Scan the records below for the line with "This tiny black" and the line with "Hunting Puppy Scene", and retype that range exactly, both ends included, pictures excepted.

■ **INFORMATION**:
┄┄┄┄┄┄┄┄┄┄┄┄┄┄┄┄┄┄┄┄

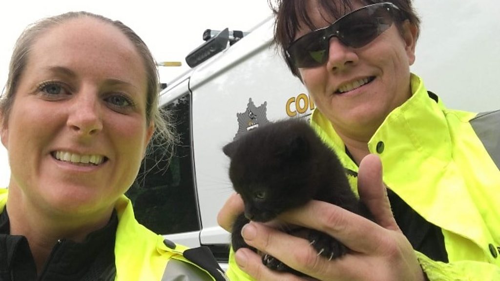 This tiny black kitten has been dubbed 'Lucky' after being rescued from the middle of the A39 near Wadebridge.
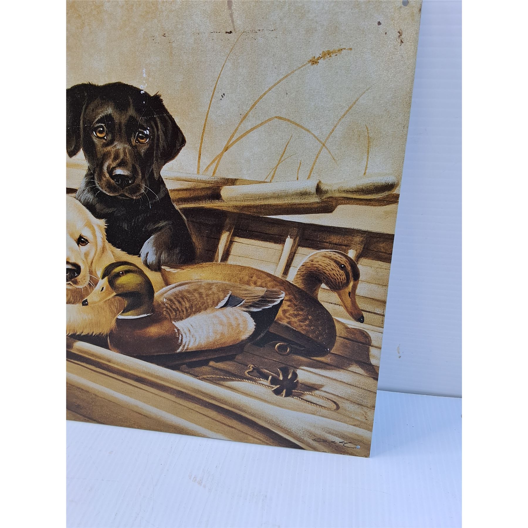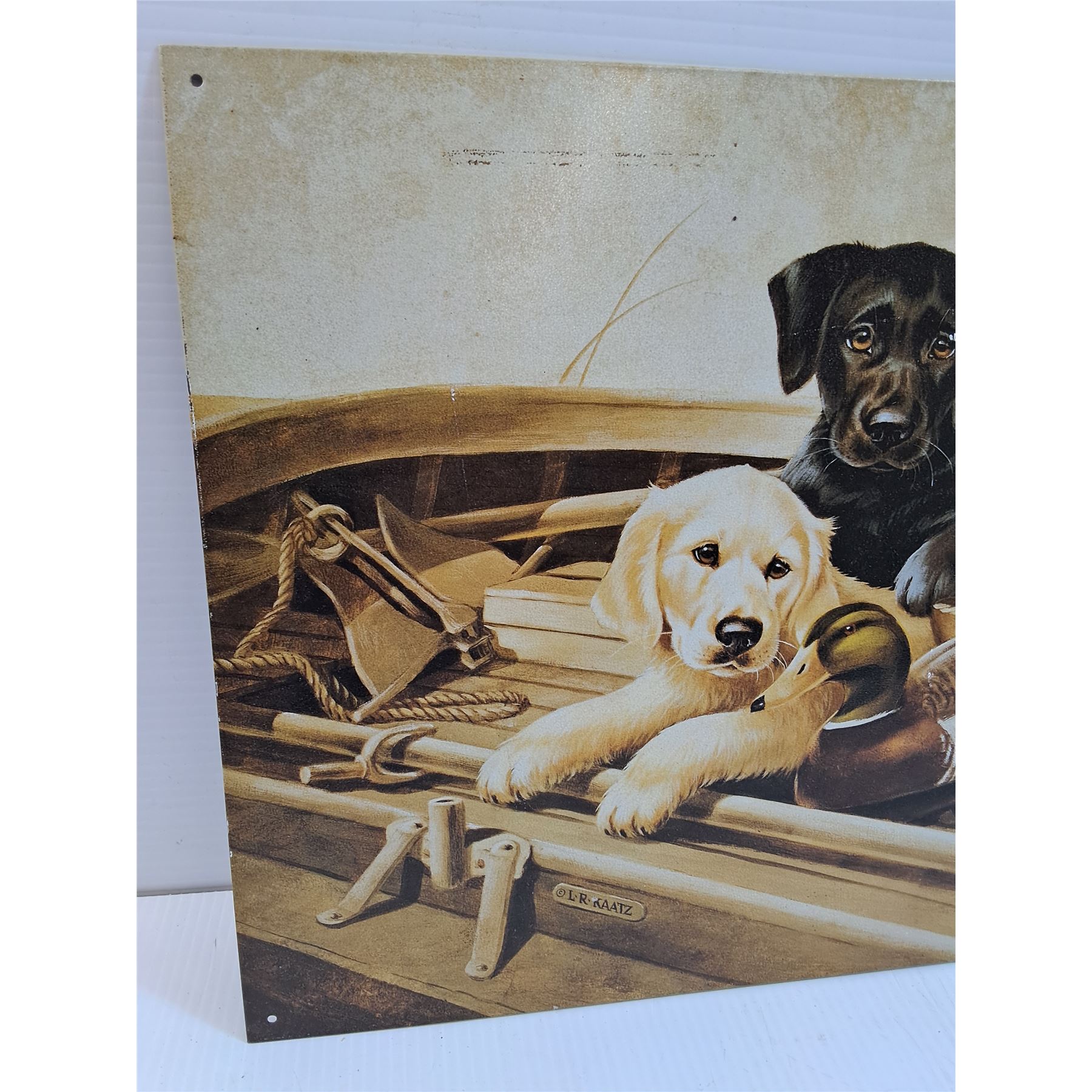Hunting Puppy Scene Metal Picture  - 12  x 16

┄┄┄┄┄┄┄┄┄┄┄┄┄┄┄┄┄┄┄┄

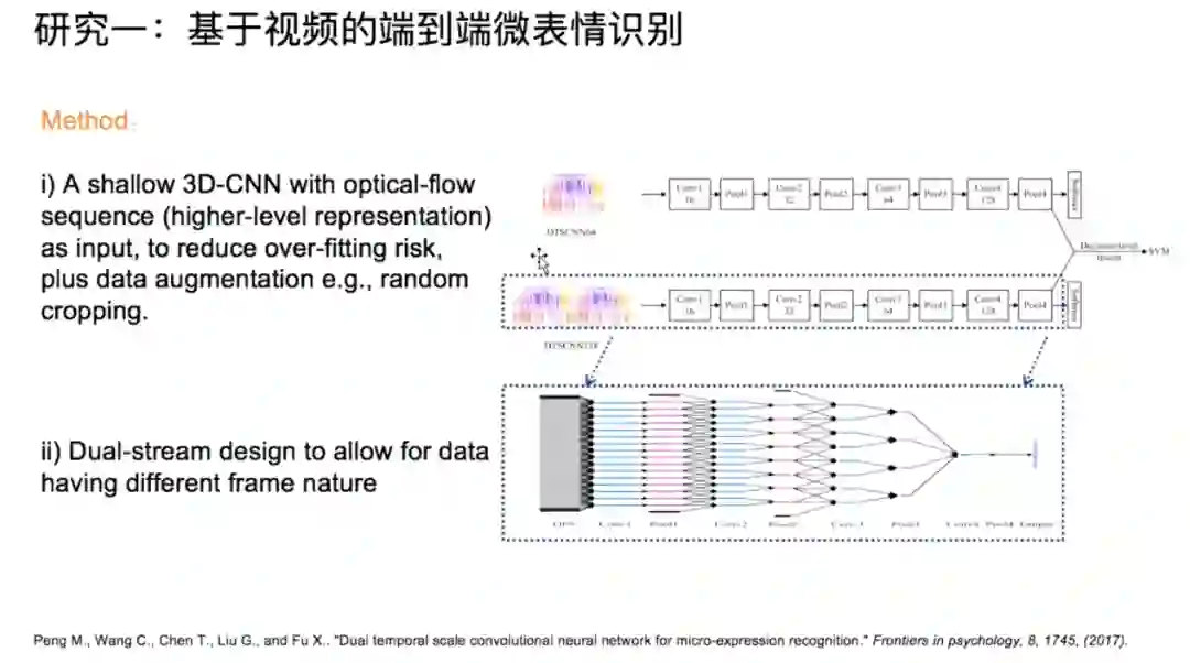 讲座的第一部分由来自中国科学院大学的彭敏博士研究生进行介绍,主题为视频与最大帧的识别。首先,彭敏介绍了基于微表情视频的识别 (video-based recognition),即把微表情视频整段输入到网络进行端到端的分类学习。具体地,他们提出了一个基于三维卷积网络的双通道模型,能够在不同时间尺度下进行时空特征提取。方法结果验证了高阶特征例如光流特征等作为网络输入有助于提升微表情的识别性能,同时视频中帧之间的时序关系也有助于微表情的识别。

┄┄┄┄┄┄┄┄┄┄┄┄┄┄┄┄┄┄┄┄

■ **WRITTEN ANSWER**:
 This tiny black kitten has been dubbed 'Lucky' after being rescued from the middle of the A39 near Wadebridge.
Hunting Puppy Scene Metal Picture  - 12  x 16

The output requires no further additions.